From Sussex to Stretford – the Ralf Rangnick story

What do Manchester United’s newest manager in waiting and this particular hack have in common? Well, there’s a sentence I never thought I’d write, but the answer is both Ralf Rangnick and myself have an association with Sussex non league football. 

I live in Sussex, I’m Sussex born and bred and proud to be. Insert your own joke here about the stereotypical United fan residing as far away from Manchester as its pretty much possible to be, I’ve heard them all. The story of Rangnick and his impending arrival at Old Trafford is, perhaps, not one which is well known, but it has tickled my interest for a very good reason. More on that in a moment. 

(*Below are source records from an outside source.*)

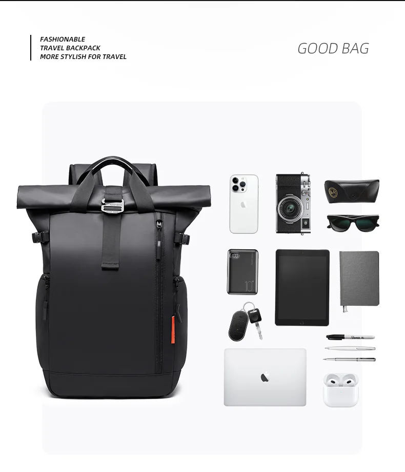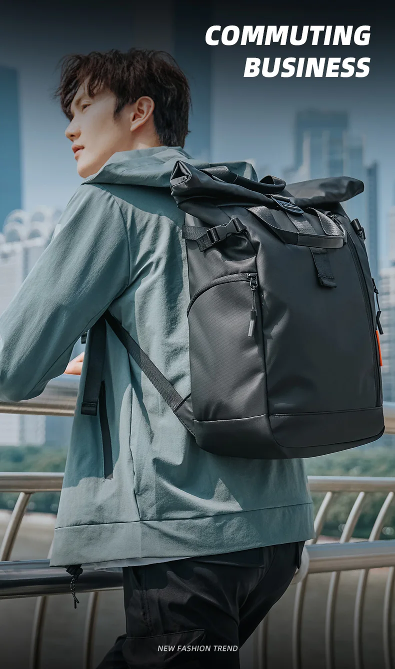 Men's Large Capacity Roll Top Backpack Multifunction College School Laptop Backpacks Men Business Travel Stylish Backpack
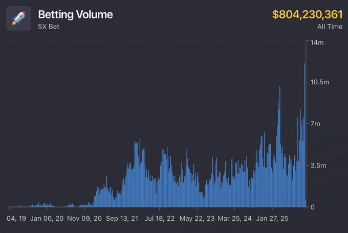 SX has now cleared $0.8 billion in all-time betting volume. The next $0.8B will come much, much faster. Don't believe me? Check the chart.
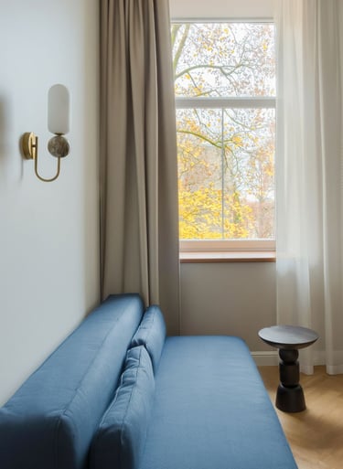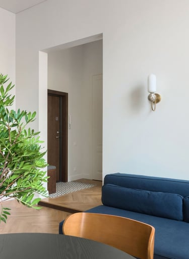 Šis Vilniaus centre esantis nedidelis butas buvo įrenginėjamas nuomai, tačiau siekta išsaugoti erdvės pojūtį, maksimalų komfortą ir funkcionalumą iki smulkiausių detalių. Šiame interjere rinkausi kontrastus tarp lakoniškų ir detalių formų. Nuosaikios sienų spalvos, medinės grindys ir išsaugotas didelis lubų aukštis atvėrė erdves menui bei įdomesnėms detalėms.
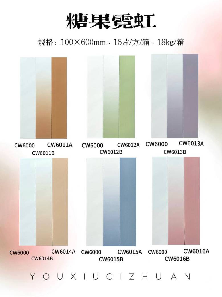 釉面工艺,渐变特色,颜色多彩却柔和不刺眼,清新自然为主,适合室内墙面,浴室、客厅、店铺、民宿等。
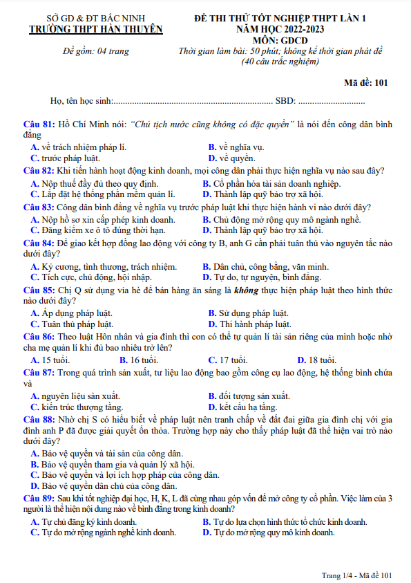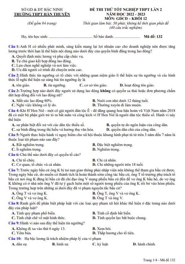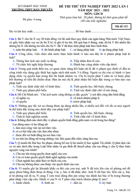 Đề thi thử TN THPT 2021 lần 2 môn GDCD trường THPT Hàn Thuyên – Bắc Ninh
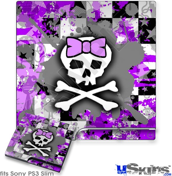 Decal Skin compatible with Sony PS3 Slim Purple Princess Skull
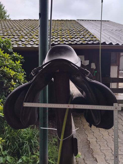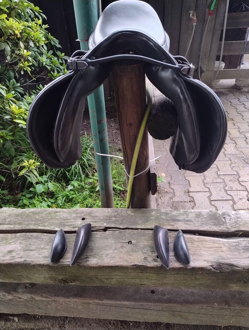 VSS-sadel Felix Bühler - Till salu är min älskade eventing sadel av märket Felix Bühler i 18 tums sitsstorlek och platt sits. Sadeln är justerbar i kammaren. Du kan enkelt göra denna justering själv med hjälp av det medföljande verktyget. Justeringen görs med hjälp av tre skruvar. Den enkla justeringen gör sadeln perfekt för unga hästar, hästar i rehabiliterings- eller konvalescensfasen och i allmänhet helt enkelt för alla hästar som (bör) utvecklas fysiskt. Sadeln är utrustad med camberfjädrar. Efter att ha testat dem själv kan jag säga att de fungerar perfekt - knärullarna är fästa med kardborreband och kan därför anpassas individuellt till ryttaren eller tas bort helt. Sadeln köptes för inkörning och fungerade perfekt för detta ändamål. Eftersom min häst är fullvuxen och i avancerad träning kan vår träningspartner nu gå vidare och göra ett bra jobb för ett annat lag ❤️ Klassiska stigbyglar och stigläder ingår. Vid behov en enkel lång sadelgjord och ett sadelunderlägg så att vi kan börja träna direkt Sadelgjorden var för lång för oss. Sadeln togs till en sadelmakare för att reparera en söm som hade lossnat och för att få den att se lika fin ut som när jag köpte den svärtades den om med läderfärg. Bortsett från mindre nötningsskador på sadelgjorden (eftersom min häst en gång hade tryckt bort sadeln från bommen) har sadeln inga andra skador. Jag säger det som det är, om du köper den för träning av unga hästar kommer det inte att skada så mycket till det här priset som det gjorde för mig strax efter att jag köpte den nya Sadeln har alltid förvarats och vårdats på en torr plats. Måtten kan ses på bilderna. Om du har några frågor, vänligen kontakta mig. Jag är beredd att skicka sadeln väl packad och vadderad och naturligtvis försäkrad.

The man renowned for the rise of Red Bull in football had a brief – yet memorable – dalliance in English football. The German tactician, a disciple of the game, is revered and regarded as the founding father of modern football in his home nation, with illustrious contemporaries Jurgen Klopp, Thomas Tuchel and Julian Nagelsmann honing their craft from Rangnick’s managerial raison d’être. Despite not boasting the greatest CV in terms of the most valuable currency of all – trophies – he is someone who takes his teams to another level. 

You may remember him as the Schalke manager in the 2010-11 season when Sir Alex’s vintage put the Royal Blues to the sword 6-1 on aggregate with a Darron Gibson masterclass in the second game. Rangnick took RB Leipzig into the top flight and has been widely credited with remodelling the game in Germany.

A well-travelled man, Rangnick came to England during his gap year as a fresh-faced 20-year-old. Studying PE and English on exchange at the University of Brighton, he decided to keep himself fit whilst broadening his understanding on the nuances of non league football. 

Situated a short distance along the coast between Brighton and Worthing on the south coast sits the small, sleepy town of Southwick. My home town. A town with a county league football club with a Mr R.Rangnick as perhaps its most famous former son. 

A five minute stroll from my house, I would go to watch Southwick often until their demise two seasons ago. Homeless and on the cusp of financial ruin, things seemed bleak for my much loved local side last year but – thanks to the man himself and his £1,000 donation – the “Wickers” live to fight another day. 

Rangnick played eleven games for the “Wickers” during the 1979-80 season in Sussex County League Division One and had a painful introduction, quite literally, when he broke three ribs and punctured a lung in only his second game for the red and black, at Chichester. Out for four months, the 21-year-old was dumped on a ward of ageing pensioners as he worked his way back to fitness, all the while thinking of how to fine tune his methods. 

Yet despite the baptism of fire, Rangnick hailed his time in a sleepy corner of Sussex as “one of the best years of my life” and it was here he began to apply the principles that would ultimately see him transform a nation and take him to the top. Rangnick’s time with Southwick inspired his managerial blueprint greatly – he became better at heading, improved his passing and moving and physical attributes as he adapted to the archetypal English “kick and rush.”

It seems rather curious and quirky that a manager with such a global reputation – and now a man on the brink of one of the biggest jobs in world football – would have roots in Sussex. But this man is a unique character and, to this day, speaks fondly about his time down here. 

Speaking to the Guardian in 2011, Rangnick said:

“There was hardly a situation where we didn’t spur each other on, doing some coaching among ourselves and motivating everyone. That was inspirational and certainly moulded me.

“There were many great people, I learned a lot about team spirit, cohesion and camaraderie. I have looked to apply these lessons throughout my life and football career. My time in Sussex was the most memorable I ever had.” 

Rangnick’s time at Southwick might seem like a small part in the grand scheme of his illustrious career. But – as much as he is influenced by the bigger picture – it’s often the little things that are the most inspiring. 

How many Premier League managers CV’s include a stint coaching in Germany’s ninth tier and a spell playing in England’s?

A paltry 154 spectators witnessed the German’s Sussex league debut in a match at local Rivas Steyning in October 1979. Now, 42 years on, the “Godfather of gegenpressing” will prepare to lead out the world’s most famous club in front of 76,000 people.